Officially, there are two ways to play table tennis – singles and doubles. There are, however, infinite ways to have fun with a table, some bats and balls – and sometimes you don’t even need all of those.
Now we’re into territory that the serious table tennis players wouldn’t recognise. Round-the-table, or Rundlauf as it is known in its spiritual home of Germany, is a way of involving a large group of players in a game all at once. As few as four or five and as many as ten, twelve, twenty or more players can start each game, though twelve to fifteen is a good fit for the size of a table. Players split into two queues, leading anti-clockwise (for right-handers) around the table. The player at the head of the longest queue serves, and then moves around, with each player hitting the ball just once before carrying on to the back of the queue and taking their turn. ‘Losing’ a point means elimination, or losing a life, depending on the rules. As the number of players goes down, the circumambulation gets quicker. When only two players are left, they play out a final of ‘standard’ ping pong – though some variants require them to turn a full circle on the spot between each hit.
Local variations on Rundlauf include:
i) Unlimited players start, one miss and out, final played up to five points (as played at Dr Pong, Berlin)
ii) As above, but you can’t be knocked out the first time you hit the ball (as played at Ping Pong, Newcastle)
iii) Twelve Players get three lives, represented by two wristbands and their bat. Final played between the last two players with any lives left, and best of three (as played at The Young Offenders Institute, London)
Round-the-table can be played with any number of players from five upwards, ten to sixteen is ideal. Too few, and its all running and chasing, too many and its all queuing and waiting. Try it!
And if you’re really mad (and very Swiss and organised), you can always do it with 509 players:
Guerilla ping pong
The idea of rolling a table tennis table into a public space and encouraging social play has a long history in Berlin and has recently arrived in London thanks to Untitled Space’s ‘Hit and Run’ events.

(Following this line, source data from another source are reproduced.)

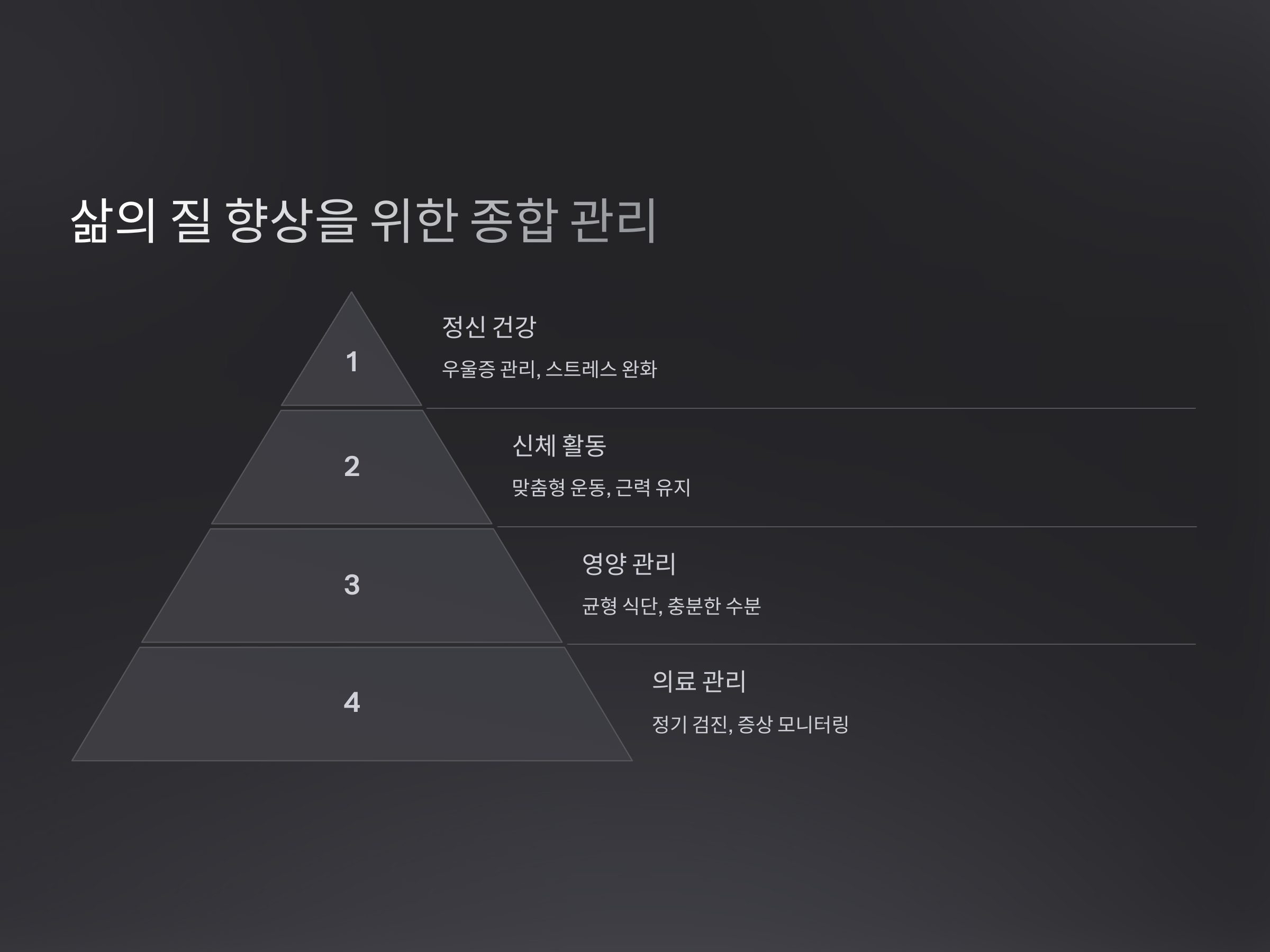 - 규칙적인 운동: 근력 운동과 유산소 운동을 병행하여 근육량을 유지하고 체력을 향상시킵니다. 이는 체중 감소를 방지하고 전반적인 건강을 개선하는 데 도움이 됩니다.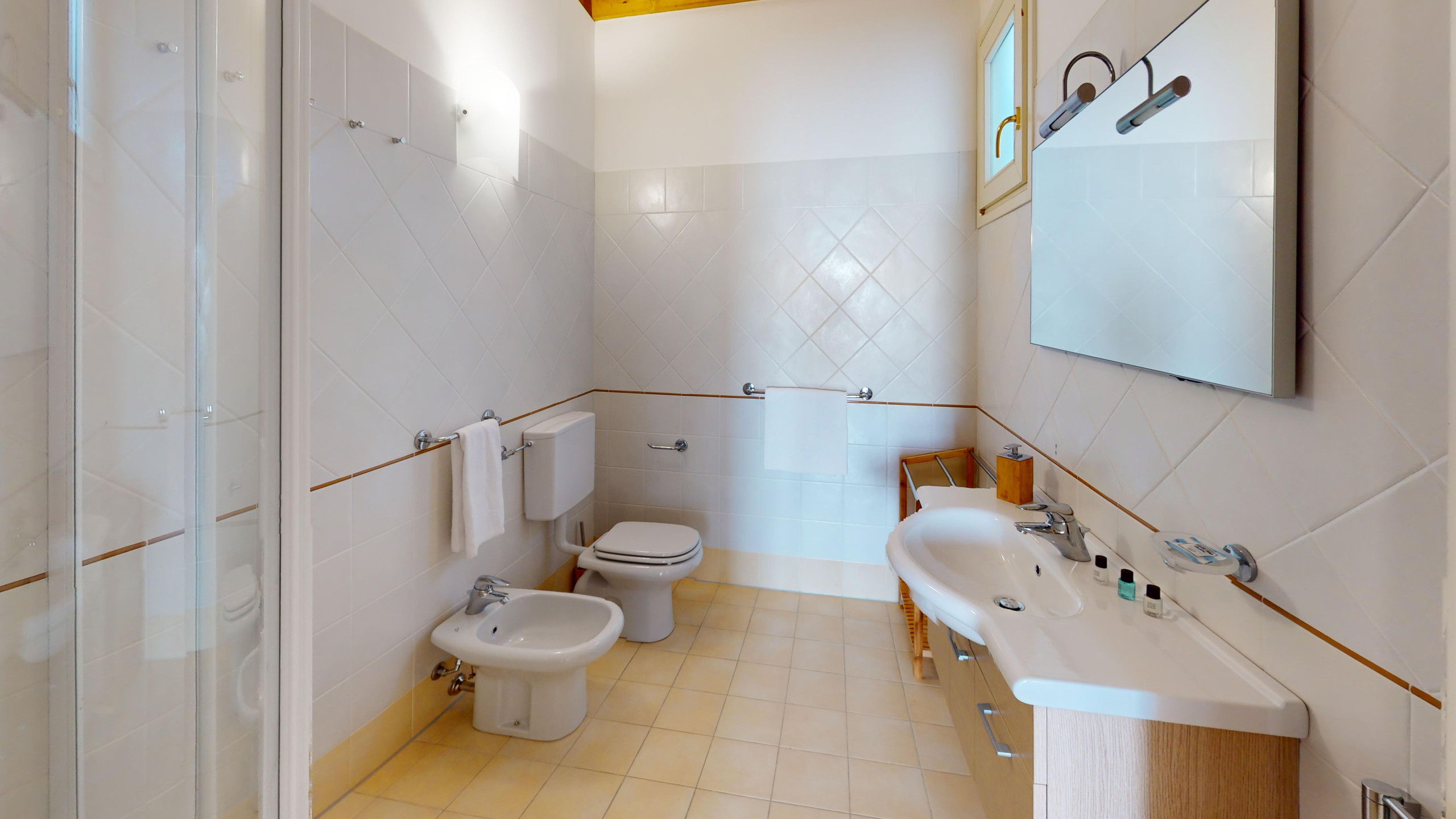 Il bagno finestrato con doccia è ampio e confortevole, a disposizione un pratico locale lavanderia ideale per chi desidera rinfrescare la biancheria durante il soggiorno.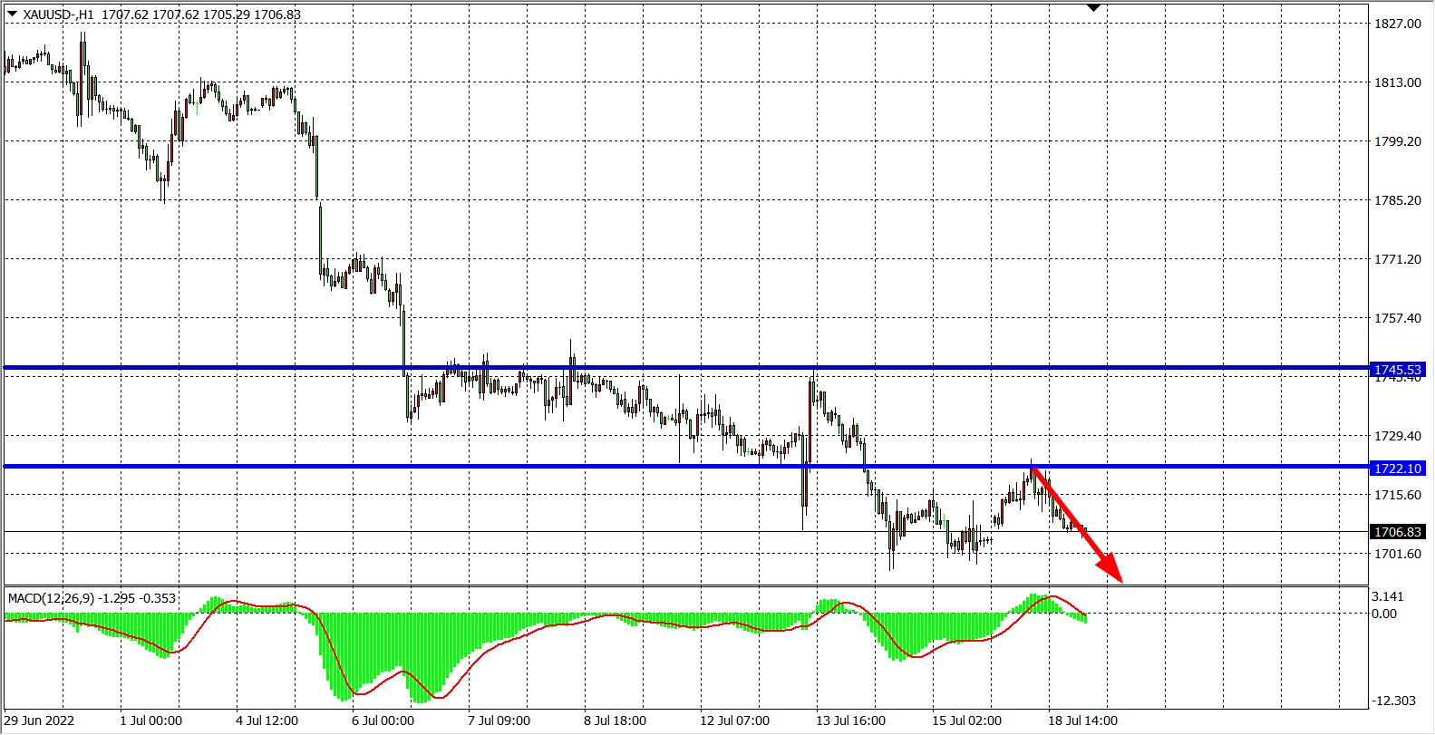 交易策略:在1722.00之下看跌,目标1690.00 1670.00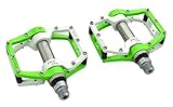 Allnice BMX MTB Mountain Bike Road Bicycle Three Bearing Shock Absorption Aluminum Pedals, 9/16" (Green+White)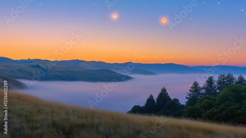 © bephoto, Fototapeta premium 霧に包まれた丘と朝焼けに輝く金星と木星、幻想的な夜明け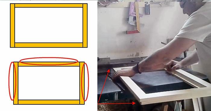 - À partir du profil dans lequel les rainures seront préfabriquées, le cadre sera assemblé, alors qu'il devrait être marqué, puis couper l'angle de 45 degrés.

Wrong Pong, devised and promoted by the International Wrong Pong Association is the ping pong equivalent to crazy golf. It’s all about angles, obstacles and unusual surfaces to create fast, fun and unpredictable matches. If you fancy your chances there are events, including the annual international tournament, held in Nottingham.
Wall Pong, another strictly recreational variation, is played only in tight quarters. Occasionally a table tennis table is in a basement, garage, or another location where the walls and the ceiling infringe on gameplay. In Wall Pong, these tight quarters are celebrated, and players are permitted to use the walls and ceiling to direct the ball where they desire. Most of the same rules of the traditional game apply to Wall Pong.
Ceiling Ping Pong
After the ball lands on your side, you hit the ball upwards towards the ceiling. The ball must touch the ceiling.
the ball must land on your opponent’s side.